Therefore, under the specific agricultural production conditions of Ningxia, identifying the morphological traits of broccoli seedlings suitable for mechanized transplanting holds significant theoretical and practical value. The Box–Behnken design (BBD) and response surface regression models have been widely applied in agricultural engineering and related disciplines to analyze multi-factor interactions and predict optimal parameter combinations. Previous studies have utilized these methods to optimize rapeseed oil pressing parameters, enabling efficient prediction and optimization of yield and energy consumption under multivariable conditions [13]. Applying these statistical optimization tools to mechanized broccoli seedling production and transplanting can therefore provide a quantitative foundation for developing targeted and efficient cultivation strategies.

This study focuses on broccoli cultivation in Ningxia, analyzing the effects of variety, seedling age, and plug tray size on indicators such as the substrate loss rate, plant height, and stem diameter.
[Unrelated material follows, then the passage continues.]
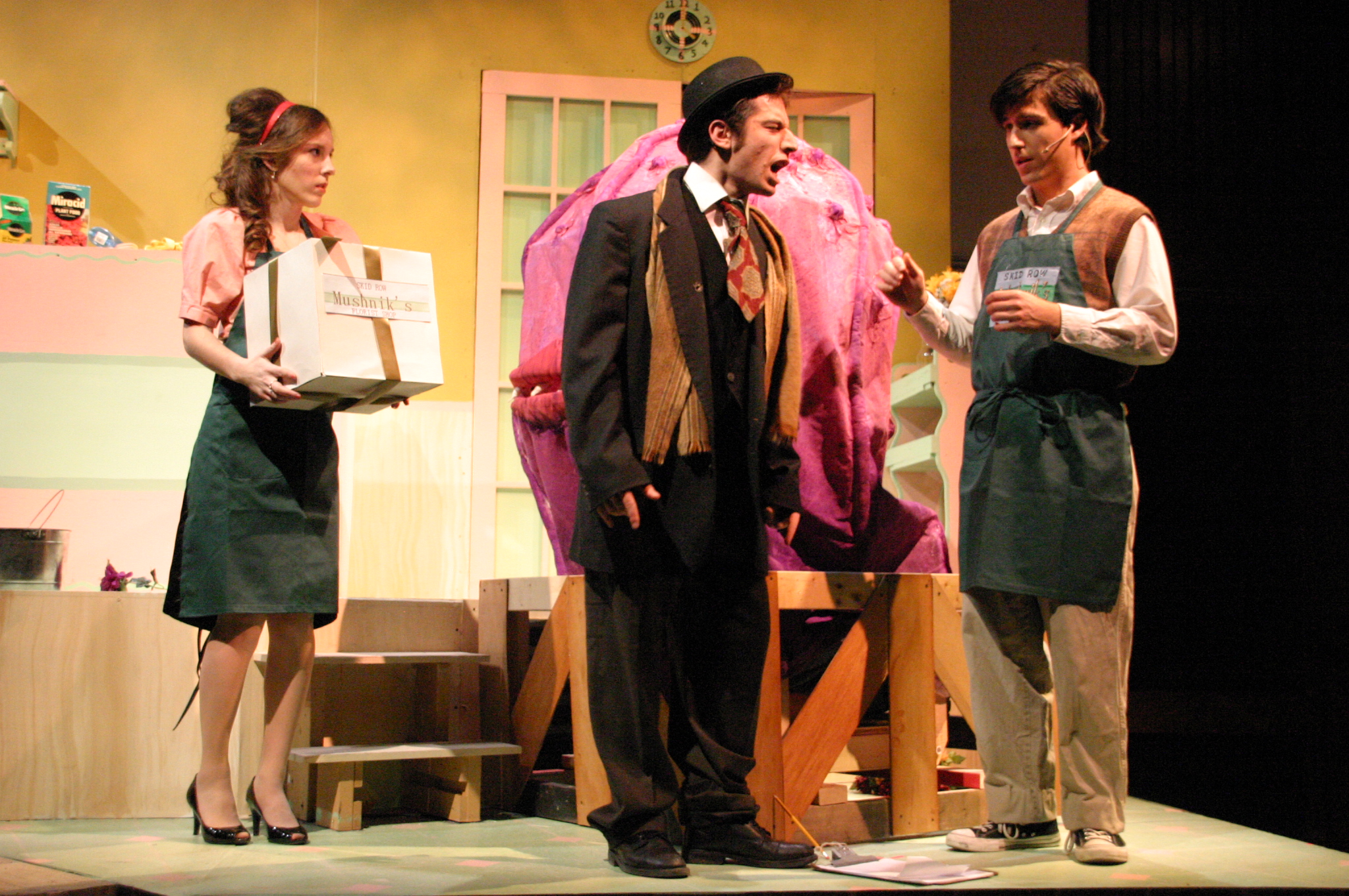 Audrey (Rachel Williams '12), Mr. Mushnik (Zachary Barryte '13), Seymour (Yoni Gray '10) and the Plant (Michael Glicksman) (credit: Jax Kirtley '96)
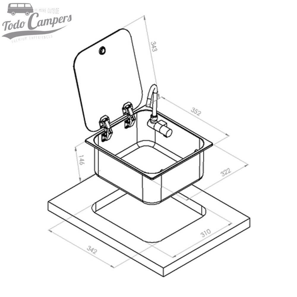 Com este lava-louças, poderá aproveitar ao máximo o espaço da sua carrinha. Os tampos de vidro de segurança permitem que ao estar fechados possa trabalhar sobre eles ou apoiar objetos. O mais importante numa campervan é ganhar espaço e com este lava-loiças vai conseguir.

It also establishes a response regression model using a BBD and optimizes/verifies the optimal parameters. The specific objectives of this study are to (1) identify key seedling morphological indicators suitable for mechanized transplanting; (2) construct and verify a multi-factor regression model and explore the optimal combination of variety, seedling age, and plug tray size; (3) propose optimized seedling-raising parameters suitable for protected agriculture in Ningxia. To achieve the above objectives and clarify the core research assumptions, the following testable hypotheses are proposed: (1) Specific combinations of variety, seedling age, and plug tray size will synergistically regulate broccoli seedling morphological parameters (e.g., stem diameter, substrate loss rate, and plant type cone angle) and achieve optimal adaptability to mechanized transplanting. (2) Integrating response surface methodology (RSM) with a Box–Behnken design (BBD) can effectively lead to quantification of the interactive effects of the three factors and accurately predict the optimal parameter combination for high transplanting qualification rates. (3) This study is of great significance for improving the mechanization of broccoli production in Ningxia and promoting the standardized production of cruciferous vegetables.

2. Materials and Methods

To clarify the overall research framework, an experimental design flow diagram is presented in Figure 1, which systematically outlines the entire process from research objective formulation to experimental design, indicator determination, model construction, parameter optimization, and field validation. This diagram enables readers to quickly grasp the logical connections between each research component.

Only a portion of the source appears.